#  > > >  >  > Форум >  > > >  >  > Буддийские форумы >  > > >  >  > Тибетский буддизм >  > > >  >  > Джонанг >  > > >  >  >  Практика Чакрасамвары

## Ometoff

Подскажите, тем кто получал посвящение Чакрасамвары на семинаре по 6 йогам Нигумы в Москве можно читать садхану Чакрасамвары? Или на неё нужна отдельная передача? На семинаре самой садханы Чакрасамвары не давали, но в сети на сайте у Филиппова http://www.dharmalib.ru есть в магазине практика Чакрасамвары в соответствии с предписаниями традиции Джонанг. Передана ламой Йонтен Гьямцхо как там написано.

----------


## Нико

> Подскажите, тем кто получал посвящение Чакрасамвары на семинаре по 6 йогам Нигумы в Москве можно читать садхану Чакрасамвары? Или на неё нужна отдельная передача? На семинаре самой садханы Чакрасамвары не давали, но в сети на сайте у Филиппова http://www.dharmalib.ru есть в магазине практика Чакрасамвары в соответствии с предписаниями традиции Джонанг. Передана ламой Йонтен Гьямцхо как там написано.

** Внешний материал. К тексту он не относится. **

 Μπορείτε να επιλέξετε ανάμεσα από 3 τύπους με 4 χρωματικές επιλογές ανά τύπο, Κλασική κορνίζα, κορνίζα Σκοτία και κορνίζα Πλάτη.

Не советую ориентироваться на ламу Йонтена Гьялцо в этих вопросах. Получите этот большой ванг (Чакрасамвара занимает 2 дня) от другого высокого и уполномоченного ламы.

----------


## Таб Шераб

> Не советую ориентироваться на ламу Йонтена Гьялцо в этих вопросах. Получите этот большой ванг (Чакрасамвара занимает 2 дня) от другого высокого и уполномоченного ламы.


А что не так с ним?

----------


## Нико

> А что не так с ним?


Как сказать. Вообще-то такие супер-большие ванги дают и учителя соответствующие.

----------


## Таб Шераб

> Как сказать. Вообще-то такие супер-большие ванги дают и учителя соответствующие.

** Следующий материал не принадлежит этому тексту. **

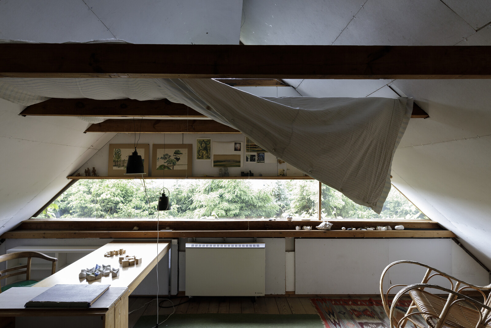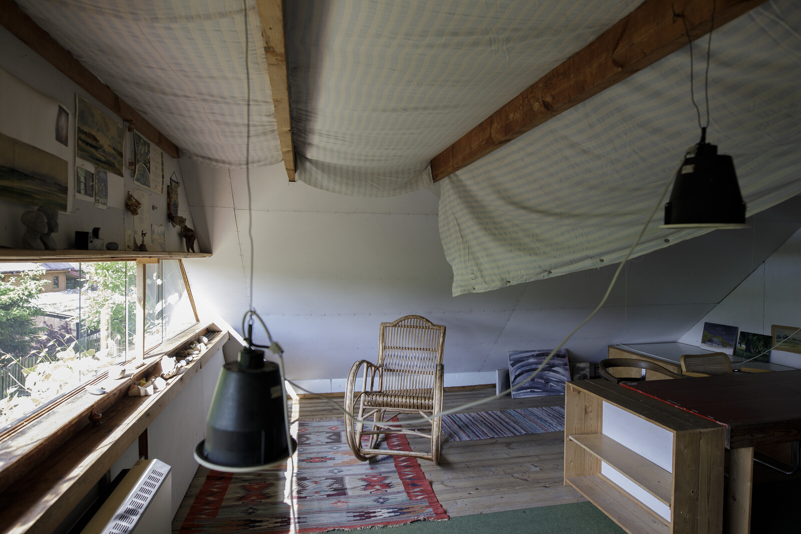 The house turned out to be a treasure trove for studying vernacular methods of heat insulation. The Hansen family clothed and unclothed their home according to the rhythm of the seasons. During heatwaves, they would place a tulle curtain in the doorway. During frosty weather, a thick, quilted fabric was nailed to the front door to insulate the hall. With the use of domestic fabrics, the Hansens could turn their spacious, airy, and open summer house into an inwardly focused, textile-clad, enclosed winter house.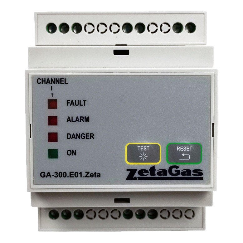 The Zeta Analogue Gas Controller (GA-300.E01/02/03/04) is designed to manage up to four gas detectors, providing reliable gas detection for non-ATEX areas such as kitchens and boiler rooms. This versatile controller features two alarm levels with LED indication and differential audible alarms, ensuring prompt notification of gas presence. It is equipped with a “TEST” mode for checking actuator conditions and a “RESET” mode that deactivates alarm relay outputs temporarily. The GA-300.E series is compatible with GA-220.BC.V gas detectors and offers easy installation with its DIN housing, making it an ideal choice for standard electrical switchboards.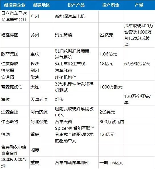 In 2017 the mainstream auto parts enterprises built new factories in China

А он не соответствующий? Ничего про него не слышал...

----------


## Нико

> А он не соответствующий? Ничего про него не слышал...


Это просто моё имхо.

----------


## Чагна Дордже

> Не советую ориентироваться на ламу Йонтена Гьялцо в этих вопросах. Получите этот большой ванг (Чакрасамвара занимает 2 дня) от другого высокого и уполномоченного ламы.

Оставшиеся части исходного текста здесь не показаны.